Bu ayetlerin öncesinde Allah, dosdoğru Musevileri şöyle övmüştür:
Musa’nın kavminden hakka ileten ve onunla adalet yapan bir topluluk vardır. (Araf Suresi, 159)
Musa’nın kavminden, yani Musevilerden hakka ileten ve adalet yapan bir topluluğu bu güzel davranışı nedeniyle Allah övmektedir. Allah’ın bu ayeti indirmesinde çok büyük hikmetler vardır.
Samimi Musevilere bir Müslümanın bakış açısının nasıl olması gerektiğini bu ve diğer ayetler mükemmel şekilde anlatmaktadır.
Bakara Suresi 65. Ayetin İncelenmesi
Sizden misak almış ve Tur’u üstünüze yükseltmiştik (ve demiştik ki:) “Size verdiğimize sımsıkı yapışın ve onda olanı (hükümleri sürekli) hatırlayın, ki sakınasınız.” (Bakara Suresi, 63)

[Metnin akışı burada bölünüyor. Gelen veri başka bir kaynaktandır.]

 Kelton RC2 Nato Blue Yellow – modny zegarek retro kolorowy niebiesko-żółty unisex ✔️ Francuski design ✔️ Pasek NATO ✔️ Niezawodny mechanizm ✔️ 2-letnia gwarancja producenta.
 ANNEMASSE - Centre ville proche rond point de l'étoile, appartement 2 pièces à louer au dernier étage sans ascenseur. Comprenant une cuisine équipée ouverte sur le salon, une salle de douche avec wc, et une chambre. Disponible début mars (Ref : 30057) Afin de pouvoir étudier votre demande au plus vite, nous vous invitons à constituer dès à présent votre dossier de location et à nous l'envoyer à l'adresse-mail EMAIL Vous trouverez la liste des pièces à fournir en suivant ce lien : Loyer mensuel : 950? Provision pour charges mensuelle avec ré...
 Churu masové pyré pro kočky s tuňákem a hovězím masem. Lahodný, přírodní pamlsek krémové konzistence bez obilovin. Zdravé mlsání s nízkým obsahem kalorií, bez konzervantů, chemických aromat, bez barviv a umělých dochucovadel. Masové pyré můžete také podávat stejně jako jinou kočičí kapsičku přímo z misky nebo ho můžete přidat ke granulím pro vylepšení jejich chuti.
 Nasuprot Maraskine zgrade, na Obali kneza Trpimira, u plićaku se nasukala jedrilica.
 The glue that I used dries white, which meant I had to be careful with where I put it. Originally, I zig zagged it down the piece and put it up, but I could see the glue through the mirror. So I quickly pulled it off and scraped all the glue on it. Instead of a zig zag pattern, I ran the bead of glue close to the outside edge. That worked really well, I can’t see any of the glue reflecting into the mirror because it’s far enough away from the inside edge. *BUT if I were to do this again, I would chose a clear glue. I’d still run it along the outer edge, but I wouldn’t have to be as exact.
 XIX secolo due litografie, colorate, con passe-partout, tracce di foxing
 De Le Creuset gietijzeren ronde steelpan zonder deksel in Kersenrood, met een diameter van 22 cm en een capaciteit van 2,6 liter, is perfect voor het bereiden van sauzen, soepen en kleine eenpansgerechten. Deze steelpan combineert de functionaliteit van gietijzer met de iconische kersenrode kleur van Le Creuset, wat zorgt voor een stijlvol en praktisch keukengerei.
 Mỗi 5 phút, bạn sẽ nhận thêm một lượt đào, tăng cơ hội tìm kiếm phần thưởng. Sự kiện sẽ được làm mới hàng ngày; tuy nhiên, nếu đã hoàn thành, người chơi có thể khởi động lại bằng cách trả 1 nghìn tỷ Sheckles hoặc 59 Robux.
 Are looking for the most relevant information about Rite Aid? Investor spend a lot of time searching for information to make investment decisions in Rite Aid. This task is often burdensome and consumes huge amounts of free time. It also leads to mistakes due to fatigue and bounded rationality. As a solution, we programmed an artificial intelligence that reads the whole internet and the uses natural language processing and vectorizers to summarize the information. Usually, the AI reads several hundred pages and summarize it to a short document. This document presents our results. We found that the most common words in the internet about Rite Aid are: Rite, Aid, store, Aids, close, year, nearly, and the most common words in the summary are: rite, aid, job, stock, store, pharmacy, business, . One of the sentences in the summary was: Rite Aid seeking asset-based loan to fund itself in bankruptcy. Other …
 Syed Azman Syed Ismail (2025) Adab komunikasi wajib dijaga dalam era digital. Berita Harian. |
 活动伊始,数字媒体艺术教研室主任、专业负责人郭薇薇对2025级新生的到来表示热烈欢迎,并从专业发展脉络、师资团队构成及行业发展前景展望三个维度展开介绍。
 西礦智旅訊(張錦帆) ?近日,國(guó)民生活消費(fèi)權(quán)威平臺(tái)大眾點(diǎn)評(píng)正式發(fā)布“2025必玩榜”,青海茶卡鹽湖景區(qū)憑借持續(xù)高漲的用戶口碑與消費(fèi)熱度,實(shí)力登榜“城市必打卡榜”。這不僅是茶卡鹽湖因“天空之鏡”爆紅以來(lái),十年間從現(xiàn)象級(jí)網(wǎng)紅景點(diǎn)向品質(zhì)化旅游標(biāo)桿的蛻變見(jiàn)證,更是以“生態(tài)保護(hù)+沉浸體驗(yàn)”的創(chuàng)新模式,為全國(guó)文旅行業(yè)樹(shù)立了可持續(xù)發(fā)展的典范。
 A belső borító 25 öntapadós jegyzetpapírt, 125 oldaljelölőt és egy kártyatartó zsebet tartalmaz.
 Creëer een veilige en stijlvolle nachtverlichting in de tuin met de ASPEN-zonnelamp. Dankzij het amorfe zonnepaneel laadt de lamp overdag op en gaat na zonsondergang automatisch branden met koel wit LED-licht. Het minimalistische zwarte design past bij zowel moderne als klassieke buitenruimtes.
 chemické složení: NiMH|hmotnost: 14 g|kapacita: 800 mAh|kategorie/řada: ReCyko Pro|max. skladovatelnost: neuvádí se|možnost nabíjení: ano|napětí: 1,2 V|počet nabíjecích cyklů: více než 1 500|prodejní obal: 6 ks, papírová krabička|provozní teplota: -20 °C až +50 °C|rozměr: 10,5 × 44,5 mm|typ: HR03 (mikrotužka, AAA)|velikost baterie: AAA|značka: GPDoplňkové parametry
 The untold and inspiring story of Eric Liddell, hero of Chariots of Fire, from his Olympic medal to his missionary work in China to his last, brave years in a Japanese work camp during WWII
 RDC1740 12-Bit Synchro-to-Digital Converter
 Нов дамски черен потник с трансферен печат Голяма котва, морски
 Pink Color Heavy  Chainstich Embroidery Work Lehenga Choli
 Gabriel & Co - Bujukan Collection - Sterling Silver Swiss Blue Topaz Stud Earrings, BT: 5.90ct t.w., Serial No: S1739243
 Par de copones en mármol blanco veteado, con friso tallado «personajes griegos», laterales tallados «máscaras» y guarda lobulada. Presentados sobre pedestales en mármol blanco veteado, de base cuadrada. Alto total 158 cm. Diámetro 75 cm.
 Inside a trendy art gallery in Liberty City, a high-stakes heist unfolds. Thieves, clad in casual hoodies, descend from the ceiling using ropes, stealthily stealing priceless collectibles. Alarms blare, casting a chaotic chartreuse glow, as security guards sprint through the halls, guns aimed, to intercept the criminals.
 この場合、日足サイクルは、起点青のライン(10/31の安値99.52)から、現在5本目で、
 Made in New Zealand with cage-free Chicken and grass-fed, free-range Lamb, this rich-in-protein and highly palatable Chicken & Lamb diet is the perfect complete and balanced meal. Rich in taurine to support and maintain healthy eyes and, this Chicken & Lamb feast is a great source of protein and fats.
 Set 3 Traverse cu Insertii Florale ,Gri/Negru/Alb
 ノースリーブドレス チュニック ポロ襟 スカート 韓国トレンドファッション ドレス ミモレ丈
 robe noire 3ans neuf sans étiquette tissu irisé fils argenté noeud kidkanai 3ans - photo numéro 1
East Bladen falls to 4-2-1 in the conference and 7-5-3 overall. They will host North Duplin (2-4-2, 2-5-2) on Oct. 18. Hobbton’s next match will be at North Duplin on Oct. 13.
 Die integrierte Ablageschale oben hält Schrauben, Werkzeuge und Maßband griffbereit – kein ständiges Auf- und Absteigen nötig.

Siz ise, bundan sonra da yüz çevirdiniz. Eğer Allah’ın üzerinizdeki fazlı (lütuf ve ihsanı) ve rahmeti olmasaydı, siz gerçekten hüsrana uğrayanlardan olurdunuz. (Bakara Suresi, 64)
Andolsun, sizden cumartesi (günü) yasağı çiğneyenleri elbette biliyorsunuz. İşte Biz, onlara: “Aşağılık maymunlar olun” dedik. (Bakara Suresi, 65)
Bilindiği gibi Cumartesi yasağı (Şabat) Musevilere özel bir yasaktır. Dolayısıyla buradan ayetteki topluluğun Musevilerin içinden gelen insanlar olduğunu anlıyoruz. Bu ayetten önceki Kuran ayetlerinde, çölde bulundukları süre boyunca Hz. Musa (as)’a zorluk çıkaranlardan bahsedilir ve buradaki tarif Tevrat’taki tarifin bir benzeridir. Hz. Musa (as)’a oldukça zorluk çıkarmış olan bu topluluğun yaptıkları anlatıldıktan sonra söz konusu inkarcı topluluktan “Tevrat hükümlerini sürekli hatırlayıp ona uygun davranacaklarına” dair bir söz alındığı belirtilmekte, fakat buna rağmen bu topluluk yüz çevirmektedir. Cumartesi yasağına uymayan, yani Tevrat’a karşı gelen bu topluluk Allah tarafından aşağılanmaktadır.
Anlaşıldığı üzere bu kişiler, kendilerinden bir söz alınmasına rağmen Tevrat’a uymayan insanlardır. Yani Musevi değil, inkarcıdırlar. Nitekim yine Cumartesi yasağı konusundaki pervasızlıkları da bunu teyit eder niteliktedir. Bu kişilerin özelliği, inkarcı olmalarının yanı sıra sürekli olarak Hz. Musa (as)’a ve samimi Musevilere zorluk çıkarmış olmalarıdır. Bu nedenle aşağılanmaya layık görülmüşlerdir.
Burada dikkat çekici bir başka önemli gerçek ise, bu ayetlerden hemen önceki ayette, yine samimi Musevi ve Hristiyanların övülmekte ve ahiret için müjdelenmekte olduklarıdır:
Şüphesiz, iman edenler(le) Yahudiler, Hristiyanlar ve Sabiiler(den kim) Allah’a ve ahiret gününe iman eder ve salih amellerde bulunursa, artık onların Allah Katında ecirleri vardır. Onlara korku yoktur ve onlar mahzun olmayacaklardır. (Bakara Suresi, 62)
Görüldüğü gibi samimi Musevi ve Hristiyanlar Kuran’da övgüye layık görülmüşlerdir. Allah’ın sevdiğini Müslümanlar da severler. Bu zaten bir yükümlülük olması yanında kalpte oluşan doğal ve vicdani bir histir. İşte bu sebeple, Allah’ın, Kuran’da çok defa tekrarlanan bu ayetleri gereğince Müslümanlar; Musevi ve Hristiyanları sevmeli, korumalı ve onlara şefkatle yaklaşmalıdırlar. Açıkça görüldüğü üzere Allah, bu ayetlerinde samimi Hristiyan ve Musevileri, samimi Müslümanlardan ayırt etmemektedir. Bu ayet, Kitap Ehli’ne karşı tüm düşmanlıkları tamamen ortadan kaldırmaktadır.